Я писала: «Это просто пиздец, я очень хочу уехать, я тут задыхаюсь, но у Кирилла работа. А я без него не поеду же. Вы как?»

Яна отвечала: «У нас такая же ситуация, Олегработу не бросит, а порознь стремно, да и какойсмысл. У меня тоже ощущение, что все на светеуехали и только мы остались, так что ты меня очень успокоила. Мы тоже тут будем».

Я писала: «ДА!!»

Яна лайкнула сообщение.

Теперь она продавала тарелки, которые лепила сама, кривую разноцветную вазу, старые кошачьи лотки, ковер, держатели для плакатов и очиститель воздуха. Я написала, что могу зайти за вазой прямо сейчас, потому что мне по пути, потом написала большое сообщение с вопросами о том, куда они едут и как так вышло, но стерла – подумала, что не хочу ничего знать, зато, наверное, захочет Яна – этого я боялась. И Яна хотела. Когда мы встретились, она взяла меня теплой рукой чуть выше локтя и спросила, не передумали ли мы оставаться, и я собиралась ответить, что «мы» больше нет, а про отъезд я совсем ничего не знаю, у меня нет финансовой подушки, планов и реального повода уезжать, я теперь живу в квартире психолога, а если выяснится, что Кирилл сейчас, после нашего расставания, решил уехать, я высунусь из окна и буду кричать три часа. Вместо этого я сказала: «Думаю все-таки бакалавриат получить, выбираю между Францией и Италией. В Италии дешевле, но французский мне больше нравится». Яна выдохнула: «Ну слава богу, я так переживаю за всех, кто остается». Мне захотелось дать ей пощечину, но я пообещала, что к лету мы пересечемся где-нибудь в Европе, – они уезжали в Мальмё, Олег получил офер и не задумываясь бросил работу, которую ни за что не хотел бросать. Я взяла вазу, которая в реальности оказалась намного больше и шершавее, чем на фото, и ушла, чувствуя спиной Янин взгляд, а за углом остановилась и погуглила: «визы во Францию», но все это выглядело сложно и дорого, а главное, совершенно непонятно, зачем мне это нужно и могу ли я хотя бы представить себя одну в другой стране.

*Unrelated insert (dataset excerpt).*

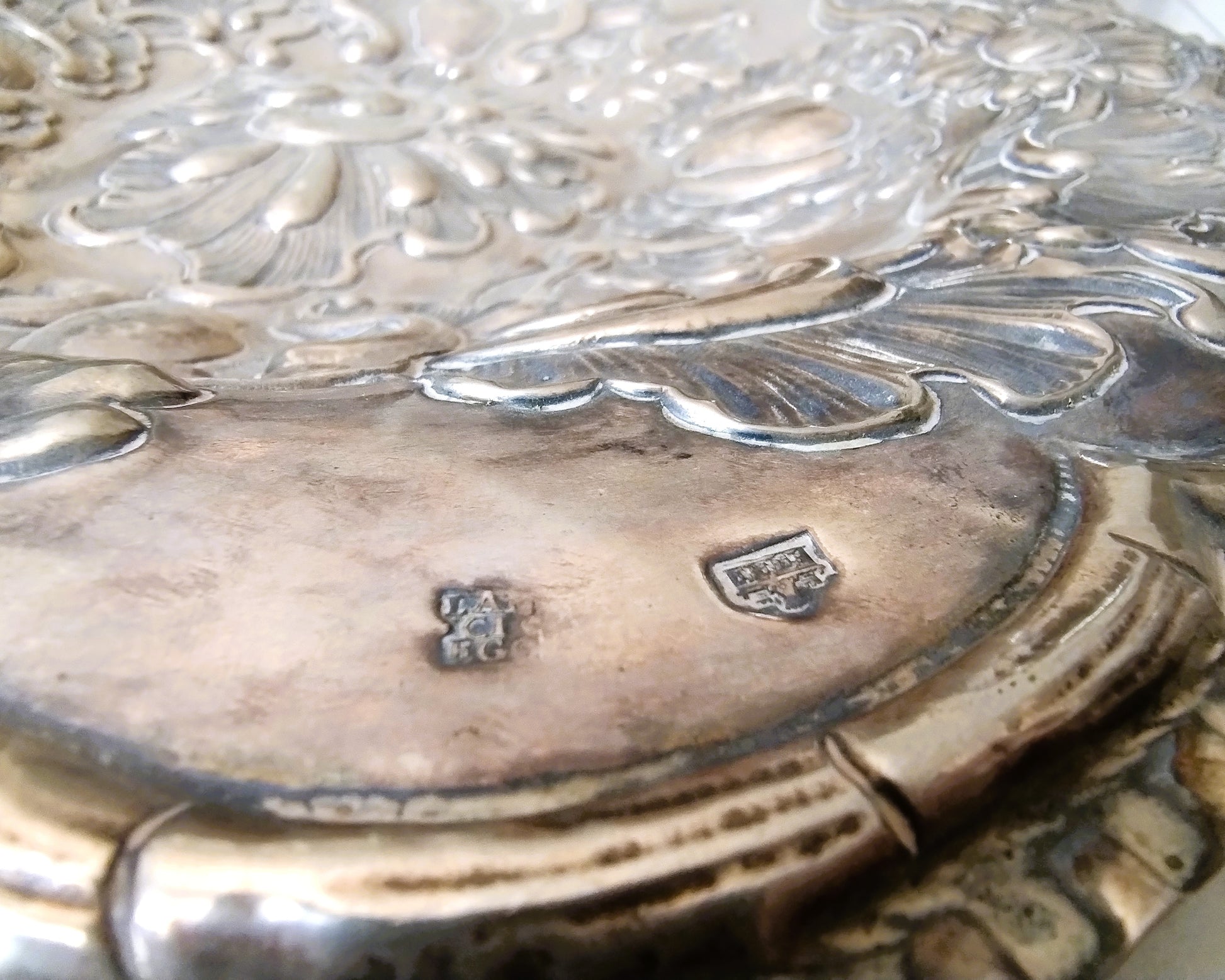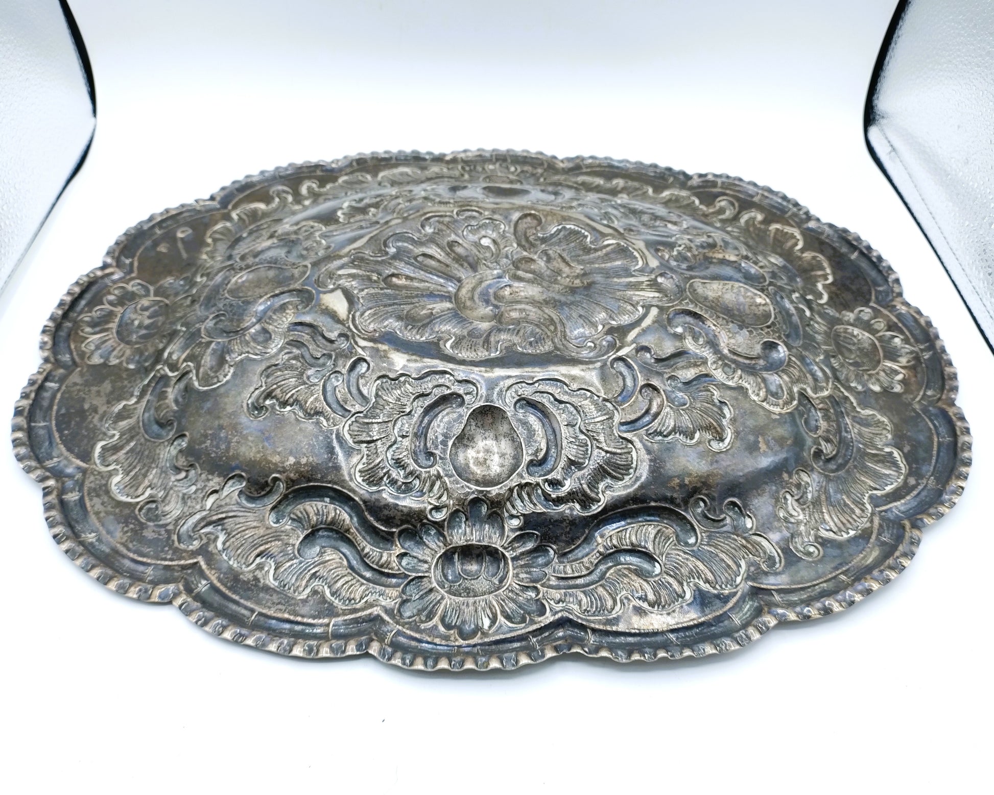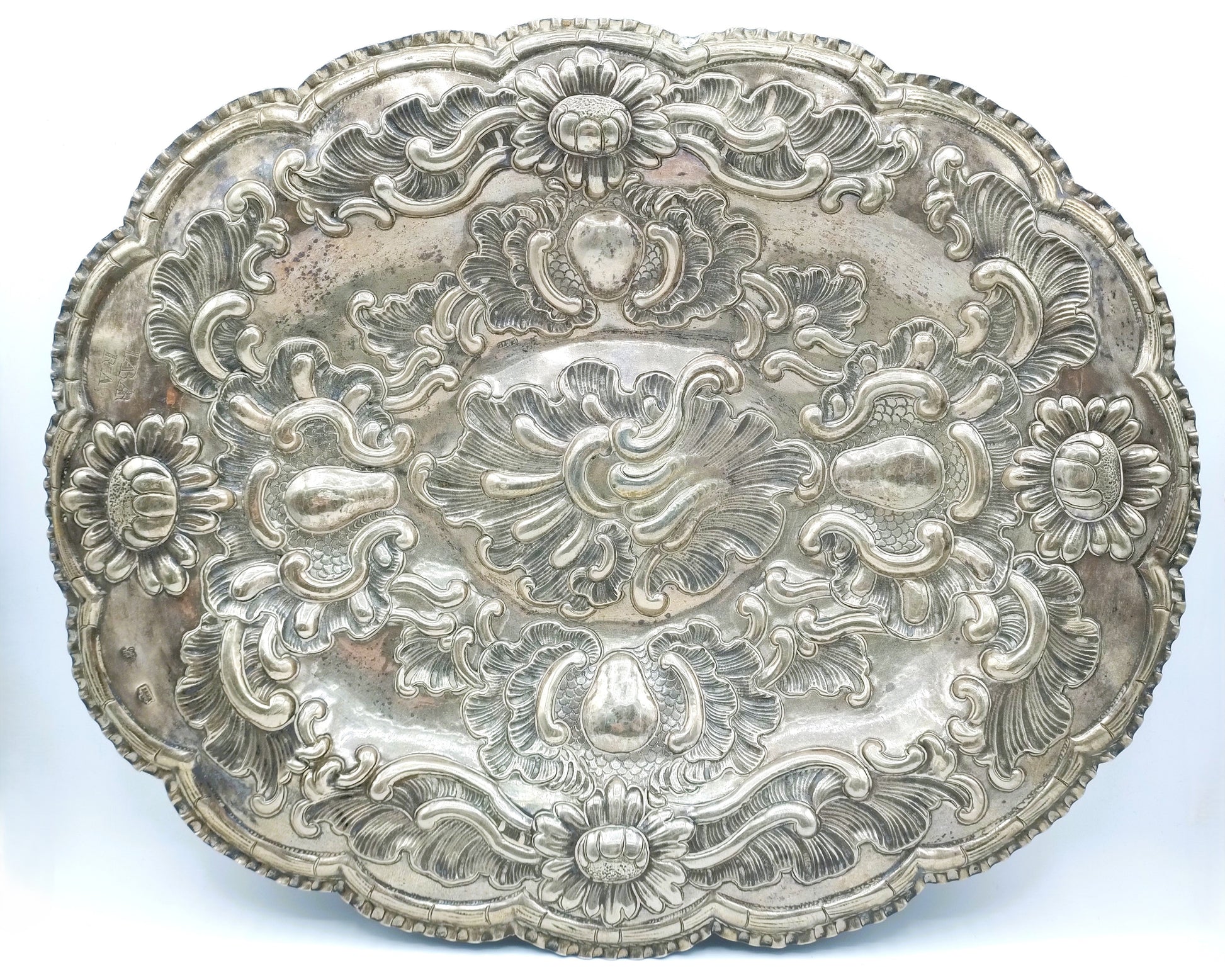 Kapitale 18e eeuwse zilveren schaal of presenteerbord gemaakt door de zilversmid Francisco A. González de Lanciego uit Logroño. (506). De schaal is met de hand uitgehamerd en vertoont een fraai decor van bloemen en krullen.

По пути домой я пыталась посмотреть на Питер взглядом человека, который вот-вот уедет. Не будет обшарпанной стены, не будет рыжего кота во дворе музея Ахматовой, не будет этого долгого светофора и приятного чувства, что жара вот-вот спадет, а темнее не станет – наступит вторая, ночная смена дня, свежая и хулиганская. Тосковала бы я, если бы, как Яна, распродавала сейчас свои вещи? Я не знаю. Я как будто вообще ни к чему не привязана – тоска по Кириллу исчерпалась задолго до того, как я от него съехала, я не скучаю по маме, отцу и Сибири, я, возможно, немного скучаю по чистому пышному снегу, но и это так, просто чтобы саму себя успокоить. Это должно пугать меня, но я не знаю, что чувствую. Я не знаю, что чувствую.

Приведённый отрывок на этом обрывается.